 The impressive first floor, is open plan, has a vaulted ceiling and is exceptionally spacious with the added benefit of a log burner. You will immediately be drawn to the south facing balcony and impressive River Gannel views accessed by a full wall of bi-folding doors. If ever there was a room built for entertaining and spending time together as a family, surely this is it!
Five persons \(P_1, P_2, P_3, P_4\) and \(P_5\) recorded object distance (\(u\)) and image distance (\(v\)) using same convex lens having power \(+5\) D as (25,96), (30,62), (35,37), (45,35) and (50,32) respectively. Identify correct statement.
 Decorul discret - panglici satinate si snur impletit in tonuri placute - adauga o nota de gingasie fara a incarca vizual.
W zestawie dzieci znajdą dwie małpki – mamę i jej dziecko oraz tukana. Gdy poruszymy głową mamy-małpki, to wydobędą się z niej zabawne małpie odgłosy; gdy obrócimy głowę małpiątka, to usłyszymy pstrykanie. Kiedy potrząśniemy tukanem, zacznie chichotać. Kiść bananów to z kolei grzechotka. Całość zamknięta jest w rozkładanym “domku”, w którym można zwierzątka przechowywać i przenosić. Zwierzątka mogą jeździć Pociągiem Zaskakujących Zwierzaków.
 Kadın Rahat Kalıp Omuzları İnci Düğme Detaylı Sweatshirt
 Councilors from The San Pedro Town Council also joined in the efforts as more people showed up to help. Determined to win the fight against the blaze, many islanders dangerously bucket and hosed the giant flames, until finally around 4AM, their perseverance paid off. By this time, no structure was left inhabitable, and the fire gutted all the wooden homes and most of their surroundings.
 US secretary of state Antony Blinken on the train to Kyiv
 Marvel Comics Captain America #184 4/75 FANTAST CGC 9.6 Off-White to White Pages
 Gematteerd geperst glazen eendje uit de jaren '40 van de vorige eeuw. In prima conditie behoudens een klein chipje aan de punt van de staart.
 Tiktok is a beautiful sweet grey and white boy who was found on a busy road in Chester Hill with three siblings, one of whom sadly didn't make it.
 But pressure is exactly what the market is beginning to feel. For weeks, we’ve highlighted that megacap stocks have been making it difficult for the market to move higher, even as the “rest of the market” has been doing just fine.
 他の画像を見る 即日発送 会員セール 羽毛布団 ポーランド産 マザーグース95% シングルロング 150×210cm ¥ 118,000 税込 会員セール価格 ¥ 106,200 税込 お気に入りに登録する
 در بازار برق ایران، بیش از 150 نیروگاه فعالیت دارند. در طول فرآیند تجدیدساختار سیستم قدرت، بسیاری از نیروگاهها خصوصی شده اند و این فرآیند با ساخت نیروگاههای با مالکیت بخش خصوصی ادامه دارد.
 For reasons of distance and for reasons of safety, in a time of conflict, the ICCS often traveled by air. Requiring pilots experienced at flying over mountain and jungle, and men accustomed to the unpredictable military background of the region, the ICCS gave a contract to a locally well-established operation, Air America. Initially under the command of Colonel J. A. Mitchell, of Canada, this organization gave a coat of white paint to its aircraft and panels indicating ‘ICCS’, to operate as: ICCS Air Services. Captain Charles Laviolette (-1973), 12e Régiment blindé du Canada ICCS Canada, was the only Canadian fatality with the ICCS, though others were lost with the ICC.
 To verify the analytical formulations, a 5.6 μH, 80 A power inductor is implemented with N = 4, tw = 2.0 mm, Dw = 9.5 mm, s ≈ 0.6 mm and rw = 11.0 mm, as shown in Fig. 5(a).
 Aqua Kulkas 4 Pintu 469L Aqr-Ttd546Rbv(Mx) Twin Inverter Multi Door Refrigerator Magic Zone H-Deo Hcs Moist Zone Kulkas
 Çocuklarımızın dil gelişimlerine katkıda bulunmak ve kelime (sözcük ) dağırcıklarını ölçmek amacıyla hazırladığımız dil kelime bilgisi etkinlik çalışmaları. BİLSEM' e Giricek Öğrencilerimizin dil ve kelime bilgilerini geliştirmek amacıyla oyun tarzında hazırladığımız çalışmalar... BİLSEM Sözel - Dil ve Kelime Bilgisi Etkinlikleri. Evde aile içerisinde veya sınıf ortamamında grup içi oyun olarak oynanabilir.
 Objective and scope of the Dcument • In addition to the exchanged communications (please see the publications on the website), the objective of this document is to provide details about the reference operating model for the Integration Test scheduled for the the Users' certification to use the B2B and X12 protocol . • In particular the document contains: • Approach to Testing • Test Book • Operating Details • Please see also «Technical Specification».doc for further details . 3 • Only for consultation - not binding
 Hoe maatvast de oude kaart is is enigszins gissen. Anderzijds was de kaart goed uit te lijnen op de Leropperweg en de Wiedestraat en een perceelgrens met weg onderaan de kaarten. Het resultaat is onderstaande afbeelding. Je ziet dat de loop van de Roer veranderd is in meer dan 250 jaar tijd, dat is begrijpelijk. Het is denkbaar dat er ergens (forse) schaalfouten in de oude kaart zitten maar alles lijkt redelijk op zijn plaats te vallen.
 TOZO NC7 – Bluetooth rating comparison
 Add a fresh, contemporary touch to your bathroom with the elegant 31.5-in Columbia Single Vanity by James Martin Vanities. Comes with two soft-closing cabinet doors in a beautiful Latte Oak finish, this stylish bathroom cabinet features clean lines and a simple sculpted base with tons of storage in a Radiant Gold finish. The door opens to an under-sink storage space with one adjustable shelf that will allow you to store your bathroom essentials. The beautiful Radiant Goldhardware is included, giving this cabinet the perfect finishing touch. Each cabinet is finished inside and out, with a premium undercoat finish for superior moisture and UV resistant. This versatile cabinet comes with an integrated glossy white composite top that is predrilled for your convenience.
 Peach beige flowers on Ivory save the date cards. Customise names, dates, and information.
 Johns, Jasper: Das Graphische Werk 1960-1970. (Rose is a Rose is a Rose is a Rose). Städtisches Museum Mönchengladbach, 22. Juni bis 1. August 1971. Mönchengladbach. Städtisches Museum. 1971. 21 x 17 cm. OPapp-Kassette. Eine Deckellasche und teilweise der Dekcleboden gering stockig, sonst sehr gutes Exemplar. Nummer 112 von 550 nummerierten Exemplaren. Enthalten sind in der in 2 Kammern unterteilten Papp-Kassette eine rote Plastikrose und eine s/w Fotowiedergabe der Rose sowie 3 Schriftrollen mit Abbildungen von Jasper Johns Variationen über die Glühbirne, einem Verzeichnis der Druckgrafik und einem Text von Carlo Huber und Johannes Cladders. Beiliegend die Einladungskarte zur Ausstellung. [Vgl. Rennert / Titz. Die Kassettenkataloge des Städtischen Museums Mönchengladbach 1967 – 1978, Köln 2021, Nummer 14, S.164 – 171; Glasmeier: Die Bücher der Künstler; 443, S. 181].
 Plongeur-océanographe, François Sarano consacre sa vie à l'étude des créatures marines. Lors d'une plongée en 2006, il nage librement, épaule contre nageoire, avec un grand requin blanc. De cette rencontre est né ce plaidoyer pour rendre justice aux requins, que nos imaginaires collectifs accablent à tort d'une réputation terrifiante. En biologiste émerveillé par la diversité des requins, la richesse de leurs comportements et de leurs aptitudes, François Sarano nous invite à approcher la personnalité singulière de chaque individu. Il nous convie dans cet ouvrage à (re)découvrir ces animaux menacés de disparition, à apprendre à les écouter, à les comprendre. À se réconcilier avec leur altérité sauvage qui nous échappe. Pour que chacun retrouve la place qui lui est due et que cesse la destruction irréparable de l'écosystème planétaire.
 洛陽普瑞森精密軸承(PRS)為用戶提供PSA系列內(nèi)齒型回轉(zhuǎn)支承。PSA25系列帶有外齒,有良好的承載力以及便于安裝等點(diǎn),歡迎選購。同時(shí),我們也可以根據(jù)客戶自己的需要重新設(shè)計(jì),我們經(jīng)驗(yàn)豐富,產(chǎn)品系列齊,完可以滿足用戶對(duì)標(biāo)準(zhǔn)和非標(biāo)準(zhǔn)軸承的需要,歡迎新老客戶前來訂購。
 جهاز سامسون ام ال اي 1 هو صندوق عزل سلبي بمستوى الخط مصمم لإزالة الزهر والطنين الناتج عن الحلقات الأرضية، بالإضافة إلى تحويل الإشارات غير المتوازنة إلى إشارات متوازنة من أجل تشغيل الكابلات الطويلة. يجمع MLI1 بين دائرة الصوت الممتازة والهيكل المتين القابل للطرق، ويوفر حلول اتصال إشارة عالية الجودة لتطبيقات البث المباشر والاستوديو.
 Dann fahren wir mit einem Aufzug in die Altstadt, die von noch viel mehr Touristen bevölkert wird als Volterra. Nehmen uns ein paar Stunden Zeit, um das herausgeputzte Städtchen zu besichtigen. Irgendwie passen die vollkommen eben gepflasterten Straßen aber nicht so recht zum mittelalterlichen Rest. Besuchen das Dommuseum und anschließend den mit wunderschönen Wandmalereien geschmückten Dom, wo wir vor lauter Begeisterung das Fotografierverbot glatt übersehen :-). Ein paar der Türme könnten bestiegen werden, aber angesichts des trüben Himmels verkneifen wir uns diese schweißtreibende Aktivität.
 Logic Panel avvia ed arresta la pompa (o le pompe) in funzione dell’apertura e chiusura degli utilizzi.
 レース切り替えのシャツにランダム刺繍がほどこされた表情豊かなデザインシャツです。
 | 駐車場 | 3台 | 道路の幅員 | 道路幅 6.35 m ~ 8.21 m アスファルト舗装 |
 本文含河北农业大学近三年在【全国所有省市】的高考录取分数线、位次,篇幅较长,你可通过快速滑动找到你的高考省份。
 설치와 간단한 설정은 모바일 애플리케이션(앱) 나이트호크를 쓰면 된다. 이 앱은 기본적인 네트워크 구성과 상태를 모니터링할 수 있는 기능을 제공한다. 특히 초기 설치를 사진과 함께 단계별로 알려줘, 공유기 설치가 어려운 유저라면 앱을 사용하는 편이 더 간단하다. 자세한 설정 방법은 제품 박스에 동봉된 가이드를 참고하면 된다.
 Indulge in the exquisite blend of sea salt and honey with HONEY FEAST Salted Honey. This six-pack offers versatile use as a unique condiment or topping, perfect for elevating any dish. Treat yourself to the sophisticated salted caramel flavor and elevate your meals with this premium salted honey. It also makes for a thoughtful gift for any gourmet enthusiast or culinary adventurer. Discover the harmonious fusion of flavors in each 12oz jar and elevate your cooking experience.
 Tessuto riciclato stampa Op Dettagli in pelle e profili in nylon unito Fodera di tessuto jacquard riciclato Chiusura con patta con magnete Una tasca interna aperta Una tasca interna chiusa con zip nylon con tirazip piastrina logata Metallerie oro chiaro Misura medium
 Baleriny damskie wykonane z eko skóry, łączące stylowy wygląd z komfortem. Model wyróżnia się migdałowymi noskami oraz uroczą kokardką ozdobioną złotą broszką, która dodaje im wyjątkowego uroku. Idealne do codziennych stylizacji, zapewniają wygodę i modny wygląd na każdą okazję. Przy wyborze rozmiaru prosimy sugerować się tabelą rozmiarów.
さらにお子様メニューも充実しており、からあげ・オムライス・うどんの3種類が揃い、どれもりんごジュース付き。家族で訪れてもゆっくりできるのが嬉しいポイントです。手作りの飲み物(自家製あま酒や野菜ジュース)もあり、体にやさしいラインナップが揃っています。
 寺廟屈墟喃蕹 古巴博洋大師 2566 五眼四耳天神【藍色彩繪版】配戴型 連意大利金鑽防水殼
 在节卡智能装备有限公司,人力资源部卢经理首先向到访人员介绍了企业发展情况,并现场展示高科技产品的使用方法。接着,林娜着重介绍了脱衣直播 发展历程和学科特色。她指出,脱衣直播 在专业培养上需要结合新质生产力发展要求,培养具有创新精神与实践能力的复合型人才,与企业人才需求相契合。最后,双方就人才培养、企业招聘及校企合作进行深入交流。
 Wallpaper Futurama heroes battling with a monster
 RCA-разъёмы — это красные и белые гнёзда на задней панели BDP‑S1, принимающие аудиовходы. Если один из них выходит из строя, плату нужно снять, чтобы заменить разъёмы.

- - - - -

● **INSTRUCTIONS TO FOLLOW**:
For this exercise, copy each line from the listing above that has the word "power".

● **ANSWER BOX**:
Five persons \(P_1, P_2, P_3, P_4\) and \(P_5\) recorded object distance (\(u\)) and image distance (\(v\)) using same convex lens having power \(+5\) D as (25,96), (30,62), (35,37), (45,35) and (50,32) respectively. Identify correct statement.
 To verify the analytical formulations, a 5.6 μH, 80 A power inductor is implemented with N = 4, tw = 2.0 mm, Dw = 9.5 mm, s ≈ 0.6 mm and rw = 11.0 mm, as shown in Fig. 5(a).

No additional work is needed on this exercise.